Big Five Software
- Industry: Video games
- Founded: 1980
- Headquarters: Van Nuys, California, US
- Key people: Bill Hogue Jeff Konyu
- Products: Miner 2049er Bounty Bob Strikes Back!
- Website: bigfivesoftware.com at the Wayback Machine (archived 14 September 2019)

= Big Five Software =

Big Five Software was an American video game developer and publisher in the first half of the 1980s founded by Bill Hogue and Jeff Konyu. The company developed games for the TRS-80 and Atari 8-bit computers. Most of its TRS-80 games were clones of arcade video games, such as Galaxy Invasion (Galaxian), Super Nova (Asteroids), Defense Command (Missile Command), and Meteor Mission II (Lunar Rescue). Big Five also sold an Atari joystick interface called TRISSTICK which was popular with TRS-80 owners.

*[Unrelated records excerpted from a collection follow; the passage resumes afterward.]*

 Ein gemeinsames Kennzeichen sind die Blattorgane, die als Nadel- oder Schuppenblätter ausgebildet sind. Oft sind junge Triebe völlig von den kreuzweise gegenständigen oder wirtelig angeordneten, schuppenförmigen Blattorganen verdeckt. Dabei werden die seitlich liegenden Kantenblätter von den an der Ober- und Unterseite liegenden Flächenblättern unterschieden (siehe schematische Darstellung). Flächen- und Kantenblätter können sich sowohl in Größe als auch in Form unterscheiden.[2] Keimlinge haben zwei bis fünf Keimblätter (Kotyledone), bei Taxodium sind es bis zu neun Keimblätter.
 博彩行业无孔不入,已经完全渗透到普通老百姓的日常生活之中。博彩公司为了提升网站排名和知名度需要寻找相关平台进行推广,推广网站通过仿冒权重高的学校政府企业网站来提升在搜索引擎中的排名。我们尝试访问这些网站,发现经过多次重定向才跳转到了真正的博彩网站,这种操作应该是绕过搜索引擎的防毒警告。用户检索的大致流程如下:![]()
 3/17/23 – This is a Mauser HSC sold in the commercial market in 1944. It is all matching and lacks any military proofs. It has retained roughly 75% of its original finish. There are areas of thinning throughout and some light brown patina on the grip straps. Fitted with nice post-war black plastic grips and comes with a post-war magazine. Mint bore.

The company's biggest release came after moving away from the black and white TRS-80. The ten stage platform game Miner 2049er, designed and programmed by Bill Hogue for Atari 8-bit computers, was a commercial and critical success. It shipped on a custom 16 kilobyte ROM cartridge (compared to standard 8 KB Atari 8-bit cartridges) and the game was ported to other computers and consoles. Miner 2049er was awarded "Electronic Game of the Year" in the 1984 Arkie Awards, among other accolades for the game and Hogue.

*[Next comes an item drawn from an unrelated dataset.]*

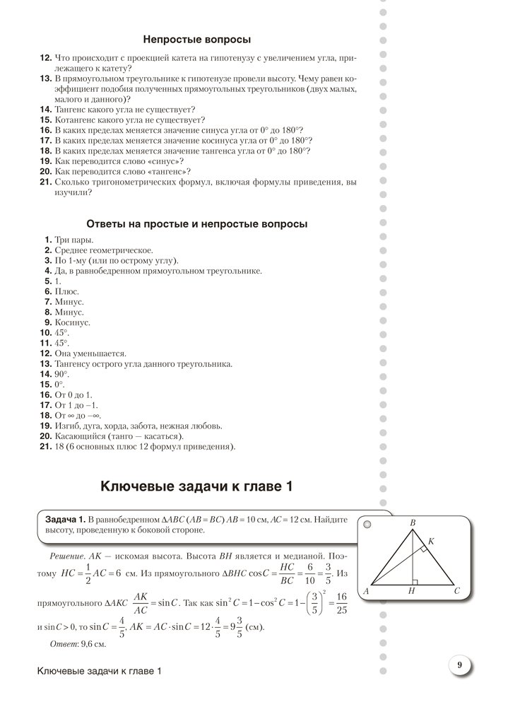 Пособие позволяет быстро обобщить, систематизировать учебный материал и при желании изучить его с опережением программы. Каждая глава содержит опорный конспект, вопросы и ответы на них, а также ключевые задачи с решениями. В конце пособия приведены ответы. В конце главы представлены контрольные работы в двух вариантах.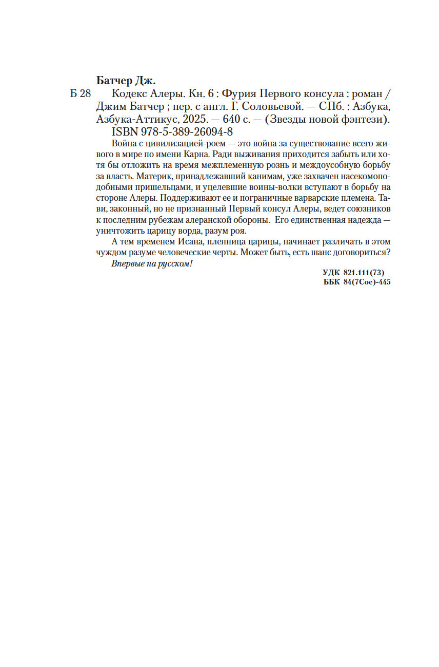 | Название в оригинале | Codex Alera. Book 6. First Lord Fury |

A sequel, Bounty Bob Strikes Back! was published in 1985 after an earlier attempt at a spin-off starring Bounty Bob, Scraper Caper, was cancelled. After Bounty Bob Strikes Back, Hogue stopped developing games and Big Five ramped down. In 2001, (Note: The first version of the emulator, published in 2001, contains the "20010720" timestamp on its "Help/About..." window.) he released a free, custom emulation of the Atari 8-bit versions of Miner 2049er and Bounty Bob Strikes Back! for Microsoft Windows.

==Games==

===TRS-80 ===
- Attack Force (1980)
- Cosmic Fighter (1980)
- Galaxy Invasion (1980)
- Meteor Mission II (1980)
- Galaxy Invasion Plus (1980)
- Super Nova (1980)
- Robot Attack (1981)
- Stellar Escort (1981)
- Defense Command (1982)
- Weerd (1982)

===Atari 8-bit===
- Miner 2049er (1982)
- Bounty Bob Strikes Back! (1985)

===Unreleased===
- Meteor Mission (1980)
- Scraper Caper (Atari 8-bit, circa 1983). It was mentioned in some magazine ads for Miner 2049er.